Although most of the digital material online, like those counted above, can easily be digitised, some of the material online do not meet the same lucky fate. Material such as online newspapers, photographs, Internet disseminated TV shows and webcomics all have their origins in a time prior to the use of computers, but due to popularity have the material has been converted to a digital format, resulting in separate born-digital creations. This allows each of these materials to reach a bigger audience of interest and gain interest. The accessibility and easily usable format has made them a popular part of everyday life. E-books are a good sample of well-integrated digitisation, which have also awakened people's interest towards born digital materials and digital preservation. This is especially important to remember as a researcher, when we can all count on finding valuable research sources online in the future rather than in a physical form.

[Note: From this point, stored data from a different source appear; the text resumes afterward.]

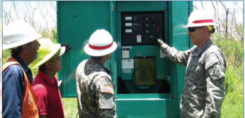
In support of the governor, local responders, the Federal Emergency Management Agency (FEMA), and a USACE Power Planning and Response Team (Power PRT) from the Honolulu District made a huge difference. This specialized team worked with the U.S. Army's 249th Engineer Battalion, contractors, and commonwealth and local entities to assess, install and maintain emergency generators at critical facilities, especially at wells to ensure that residents of Saipan get a much-needed supply of drinking water.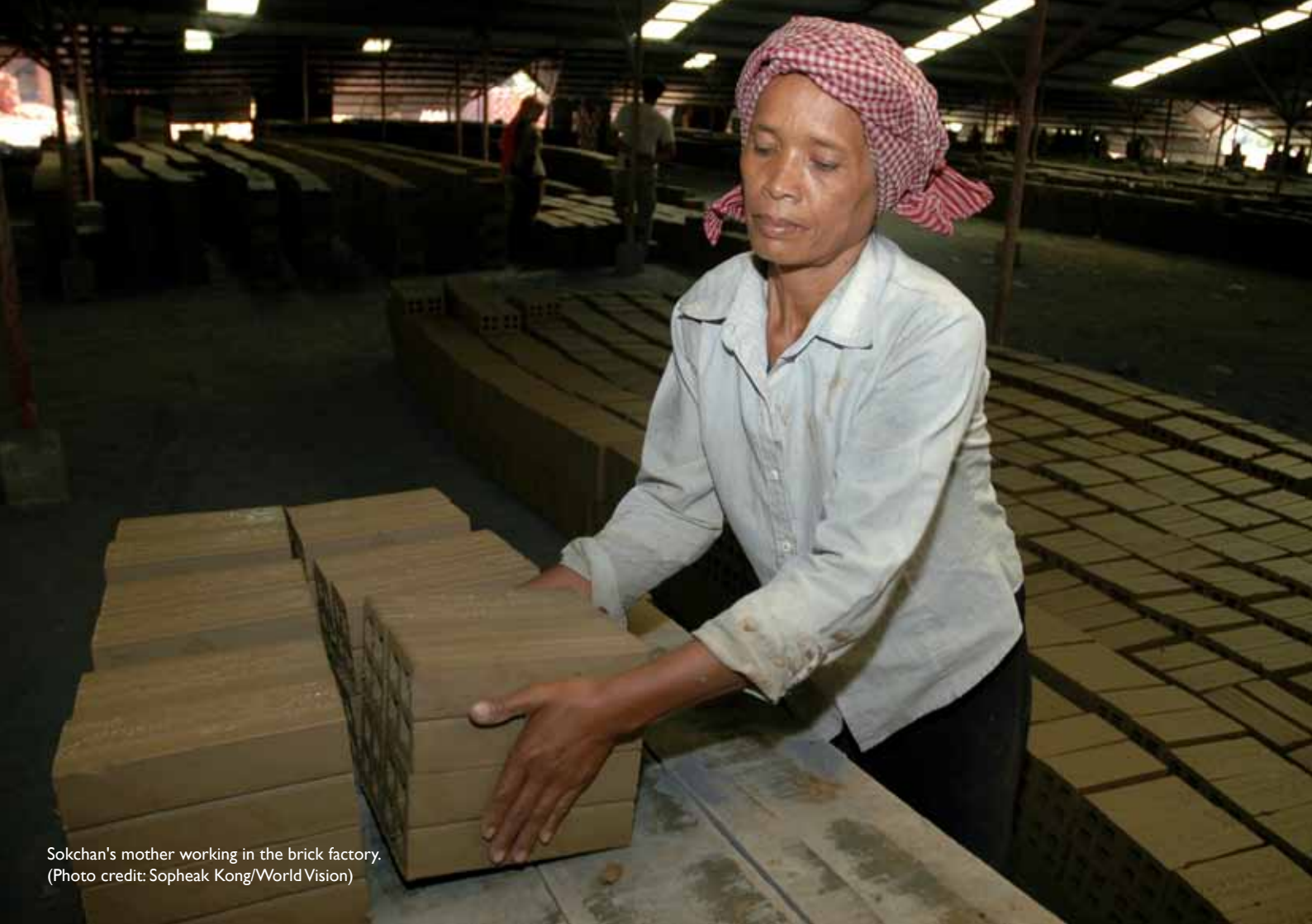
Sokchan's mother working in the brick factory.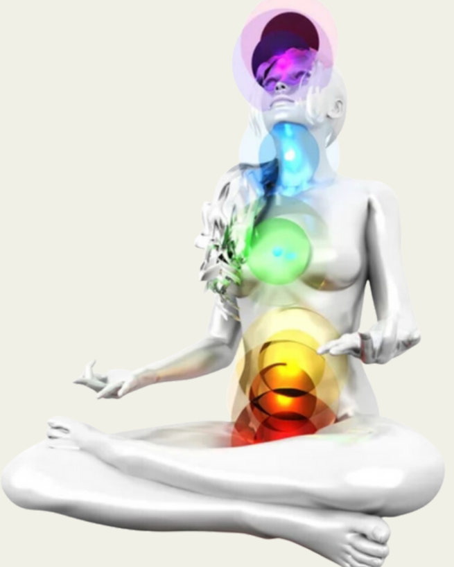
Soul Star Chakra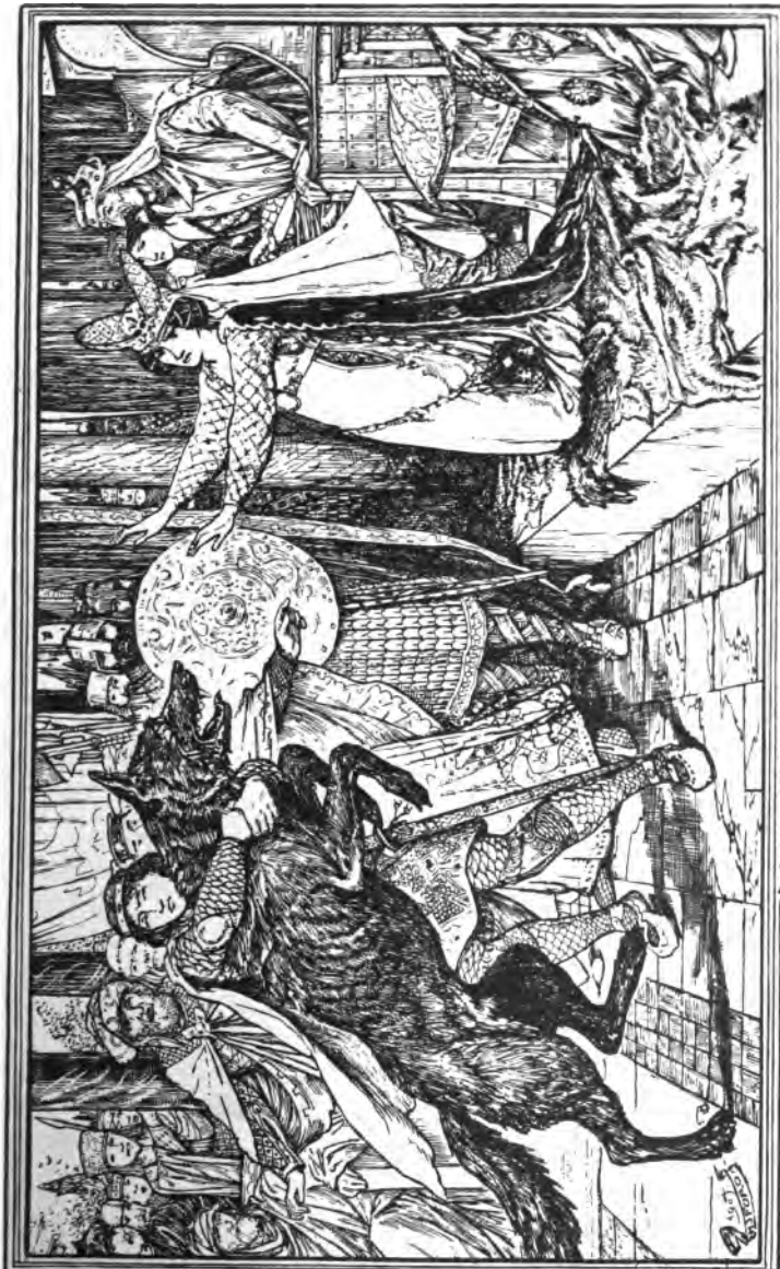
THE FURY OF THE WER-WOLF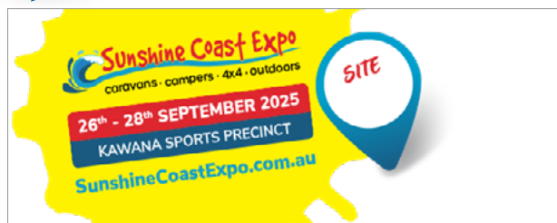
Email Signature Template 1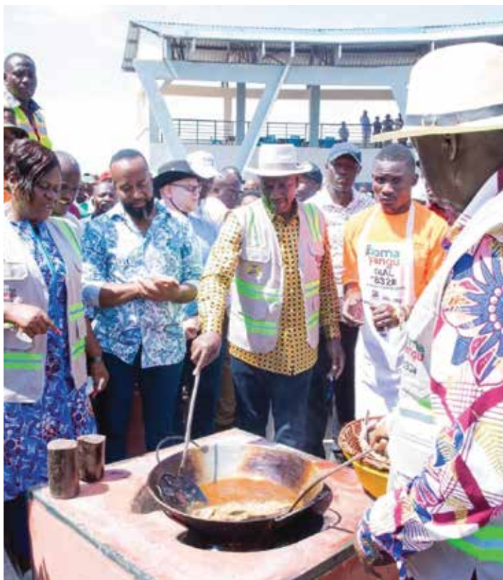
President William Ruto doing a fish deepfrying demo.

The post-Madaraka Day period has seen a notable uptick in business activity, particularly in the hospitality and retail sectors. Hotel occupancy rates surged by 150%, according to hospitality insiders, as visitors flocked to the county following the national event. Small-scale traders, especially those within the Homa Bay Fish and Municipal Markets, have reported increased sales, capitalising on the government-backed push to enhance fish trade hygiene standards.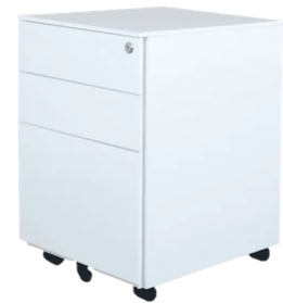
FM Metal Mobile Drawer Standard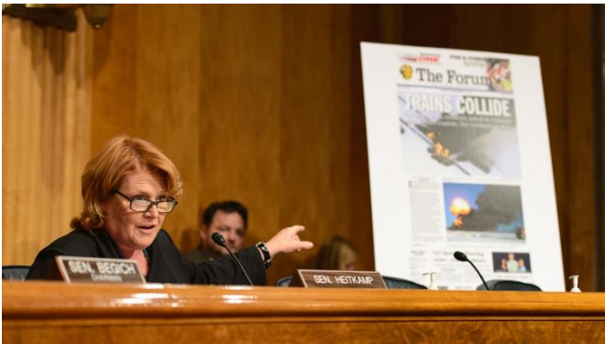
Sen. Heitkamp speaks at U.S. Senate hearing on the train derailment near Casselton in March 2014.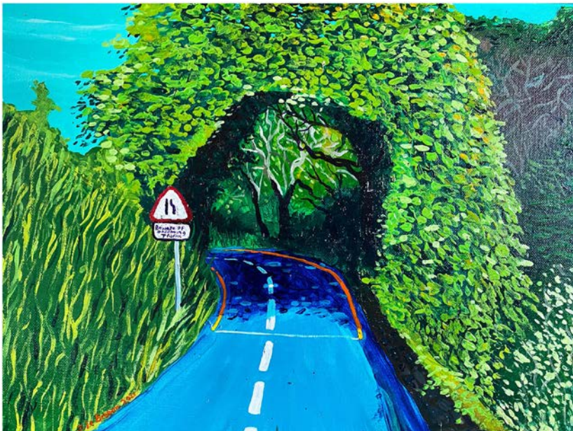
Jacques Le Breton Tree Tunnel, Rozel 40cm x 30cm Acrylic on canvas £350 +GST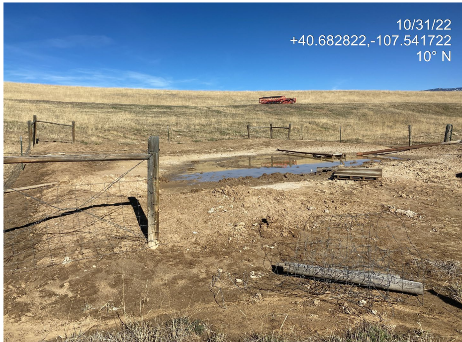
Photo 2. Photo taken from the northwest shows a decommissioned produced water tank facility. Decommissioned facilities require site investigation and remediation followed by interim reclamation after compliance with 915-1 standards. Photo also shows waste/debris.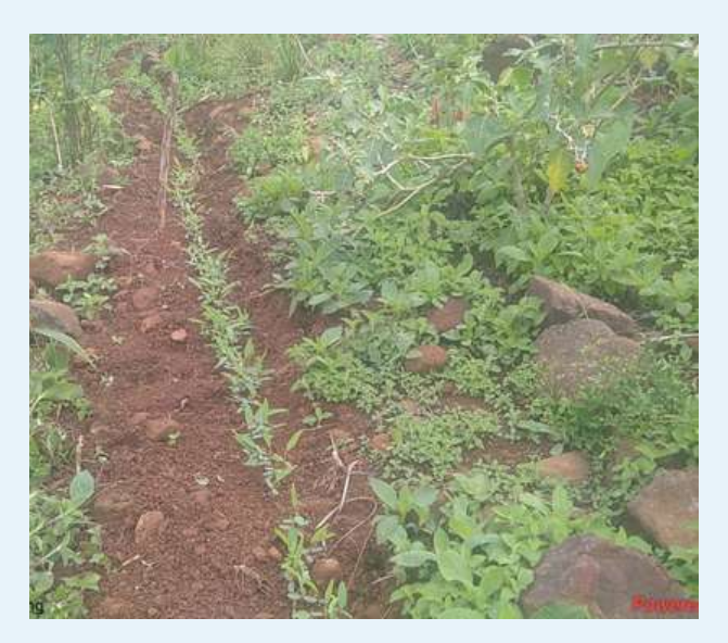
Germination of NFPs at Rangphlang village, Mawkynrew Block

Digital preservation (again, thank you Wikipedia, you are quite impeccable at times!) is the set of processes, activities and management of digital information over time to ensure its long term accessibility. The goal of digital preservation is to preserve materials resulting from digital reformatting, and particularly information that is born-digital with no analog counterpart. Because of the relatively short lifecycle of digital information, preservation is an ongoing process. As we can see, digital preservation is essentially what makes born digital material accessible to us. Preserving Internet and its vast expanse of material is a real challenge for scientists and researchers alike, especially when the desired outcome is long-term storage for decades ahead. Long-term is defined as "long enough to be concerned with the impacts of changing technologies, including support for new media and data formats, or with a changing user community. Long Term may extend indefinitely". It is important that the storage is error-free and allows retrieving of acquired data without risk of corrupting the digital storage and the files it contains. Most of this digital material is encoded and needs to be interpreted into usable presentations such as pictures, text,charts, images or sounds. It is also important to plan the actual process of preservation, so that the material will be as undamaged as possible by the digitisation itself and when transferred to the storage. After all, much of future research will be relying on such digitally preserved material and its unaltered condition.